Almond milk makes this bowl creamier. A spoonful of peanut butter added to the acai blend provides a subtle, pleasing taste that compliments the banana and chocolate chips.

 

Tropical acai bowl

Kiwi

Shaved coconut

Strawberries

Banana

Hemp seeds

Coconut milk as base

The acai berry works exceptionally well with these flavors thanks to its tropical roots.

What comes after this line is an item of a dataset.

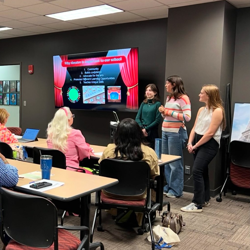 I am an Alabama State Thespian Officer or STO. The STO board is the student voice for Alabama Thespians. As an STO, I act as a representative of the organization by planning events like Alabama Thespian Festival, writing letters to government representatives, and appearing on Social Media. I was selected as an STO on February 14, 2023 and put on the Social Media Team. This team manages the student Instagram and content for the website. I was selected for the board again for the 24-25 season and served on the Advocacy Team. I connected with student leaders, and Educational Board Members across the state to advocate for Theatre Education in Alabama. For the 25-26 season I was selected to be on the Festival Team. For this team I will help with the organization of the festival, events during the festival, and our merch table. As an STO, I have also taught numerous workshops with my peers such as:

I added granola to the bottom of each bowl for a pleasant, end-of-meal surprise.

Healthy and delicious, there is no better way to start (or end) a summer day.

 

To make a simple acai base you will need:

Two four-ounce packets of frozen, unsweetened acai berry puree

A banana (fresh or frozen)

1/3 cup almond milk, coconut milk, hemp milk, any other kind of milk substitute or fruit juice

Some form of greens (if you want to be 

extra healthy)

A bit of honey or stevia (to taste)

Ready for the easiest recipe with the most beautiful payoff? Blend all ingredients until smooth. The ideal consistency for acai bowls should be reminiscent of soft-serve.

Now the fun begins.

Collect your toppings. I chose kiwi, chocolate chips, peanut butter, coconut, granola, blueberries, strawberries, raspberries, banana, almonds and hemp seed. Any number of combinations does the trick, so it’s really up to you and your preferences.

Whichever you choose, acai is the perfect healthy summer treat.